*** Provided material Section Begins ***
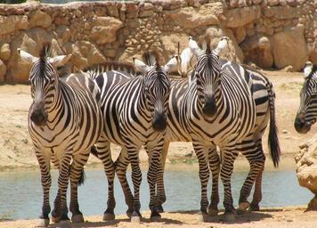 Keywords: zebra front animal wild mammal striped creature looking herbivore herbivorous hoof fauna equus waterhole species vertebrate
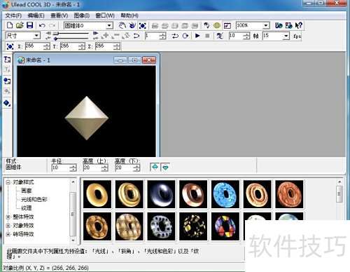 4、 在Ulead Cool 3D中创建圆锥体后,点击调整其尺寸大小。
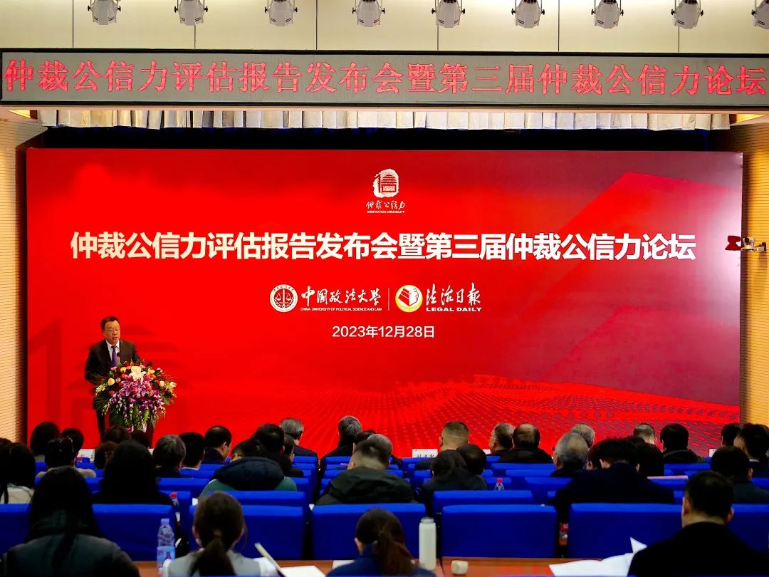 楊向斌在開(kāi)幕致辭中表示,仲裁公信力論壇讓仲裁界人士共聚一堂,共商公信力這一仲裁工作的永恒主題,見(jiàn)證中國(guó)仲裁公信力建設(shè)成果,共同促進(jìn)仲裁高質(zhì)量發(fā)展。黨的十八大以來(lái),據(jù)初步統(tǒng)計(jì),全國(guó)仲裁案件數(shù)量增長(zhǎng)了將近4倍,仲裁標(biāo)的額增長(zhǎng)將近6.5倍,當(dāng)事人涉及全球的100多個(gè)國(guó)家和地區(qū),解決糾紛的類(lèi)型涵蓋了金融、建設(shè)工程、買(mǎi)賣(mài)合同、知識(shí)產(chǎn)權(quán)、數(shù)字經(jīng)濟(jì)等眾多領(lǐng)域,為國(guó)際經(jīng)貿(mào)往來(lái)提供了優(yōu)質(zhì)、高效、專(zhuān)業(yè)的法律服務(wù)和保障。中國(guó)仲裁的國(guó)際影響力、競(jìng)爭(zhēng)力持續(xù)提升,我國(guó)已經(jīng)成為適用仲裁方式處理商事?tīng)?zhēng)議最多的國(guó)家之一。公信力是仲裁的生命,一定程度上決定著仲裁事業(yè)的生存和發(fā)展,提高仲裁公信力對(duì)于我國(guó)仲裁事業(yè)的健康發(fā)展至關(guān)重要。為此,黨的十八屆四中全會(huì)提出了“完善仲裁制度、提高仲裁公信力”的改革任務(wù)。2018年,中共中央辦公廳、國(guó)務(wù)院辦公廳聯(lián)合印發(fā)《關(guān)于完善仲裁制度提高仲裁公信力的若干意見(jiàn)》(以下簡(jiǎn)稱(chēng)“《兩辦意見(jiàn)》”),對(duì)于完善仲裁制度、提高仲裁公信力做出了全面部署,其中明確提出,要研究探索建立仲裁委員會(huì)第三方評(píng)估制度,逐步形成符合仲裁特點(diǎn)的第三方評(píng)估指標(biāo)體系。自2015年以來(lái),仲裁公信力評(píng)估的開(kāi)展是對(duì)仲裁社會(huì)監(jiān)督的積極實(shí)踐和有益探索,法大仲裁研究院的仲裁公信力評(píng)估,大致走了將近十年,這是第三屆,得到了各方面的廣泛認(rèn)可,公信力評(píng)估也在這個(gè)過(guò)程中積累了自己的公信力,逐漸獲得了公信力第三方評(píng)估的良好口碑。相信隨著評(píng)估的探索、實(shí)踐的不斷深入,公信力評(píng)估必將在推動(dòng)我們國(guó)家仲裁公信力建設(shè)和新時(shí)代仲裁事業(yè)發(fā)展上發(fā)揮越來(lái)越重要的作用。國(guó)內(nèi)仲裁是以公信力為重要的抓手,國(guó)際仲裁是以競(jìng)爭(zhēng)力為重要的目標(biāo)。希望大家以正在修訂的仲裁法為契機(jī),緊緊圍繞提高仲裁公信力和國(guó)際競(jìng)爭(zhēng)力兩大目標(biāo)銳意改革,不斷探索,與在座的各位同仁和仲裁界的朋友一道創(chuàng)新人才培養(yǎng)機(jī)制,建設(shè)國(guó)際一流仲裁機(jī)構(gòu),提升仲裁整體實(shí)力,共同推進(jìn)中國(guó)仲裁事業(yè)的高質(zhì)量發(fā)展。希望以中國(guó)政法大學(xué)為代表的高等科研機(jī)構(gòu),圍繞一流仲裁機(jī)構(gòu)的建設(shè),推動(dòng)仲裁理論與實(shí)務(wù)緊密結(jié)合和協(xié)同創(chuàng)新,為我國(guó)仲裁制度完善和仲裁機(jī)構(gòu)的改革創(chuàng)新,提供更多的智力支持。同時(shí)也希望仲裁行業(yè)、仲裁機(jī)構(gòu)、所有仲裁研究者,總結(jié)行業(yè)的經(jīng)驗(yàn),凝聚合力,進(jìn)一步做好做強(qiáng)中國(guó)自己的仲裁公信力評(píng)估,在評(píng)估的對(duì)象、內(nèi)容、結(jié)果應(yīng)用等方面精耕細(xì)作,進(jìn)一步探索開(kāi)展仲裁員評(píng)估、仲裁案件評(píng)估、仲裁機(jī)構(gòu)評(píng)估等各個(gè)項(xiàng)目,逐步建立起仲裁綜合性評(píng)估體系,打造立足中國(guó)面向世界的仲裁公信力評(píng)估品牌,不斷提升中國(guó)仲裁世界影響力,促進(jìn)中國(guó)仲裁的高質(zhì)量發(fā)展。
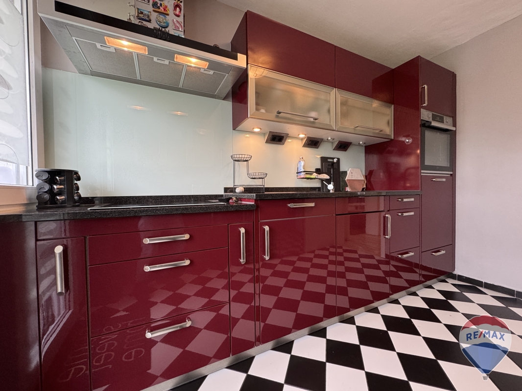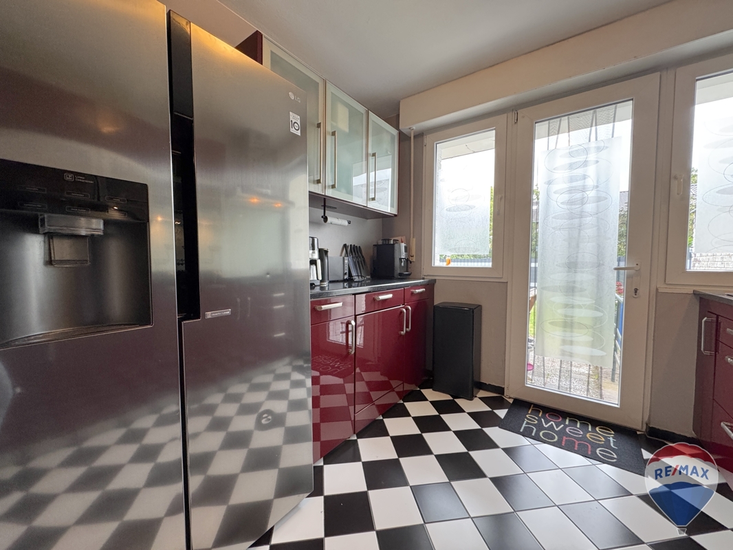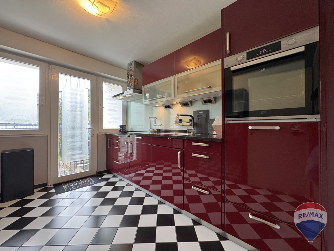 Die Einbauküche wurde zweiseitig bestückt und kann optional von den jetzigen Eigentümern nach Absprache übernommen werden. Der Boden wurde im Schachbrett-Muster gestaltet. In der Küche befindet sich ebenfalls der Ausgang zur Terrasse und führt Sie weiter in den Garten.
*** Provided material Section Ends ***
Exactly as they appear, transcribe the lines from the top of the material above through the line with "4、 在Ulead Cool 3D中创建圆锥体后,点击调整其尺寸大小。". Omit any picture.

 Keywords: zebra front animal wild mammal striped creature looking herbivore herbivorous hoof fauna equus waterhole species vertebrate
 4、 在Ulead Cool 3D中创建圆锥体后,点击调整其尺寸大小。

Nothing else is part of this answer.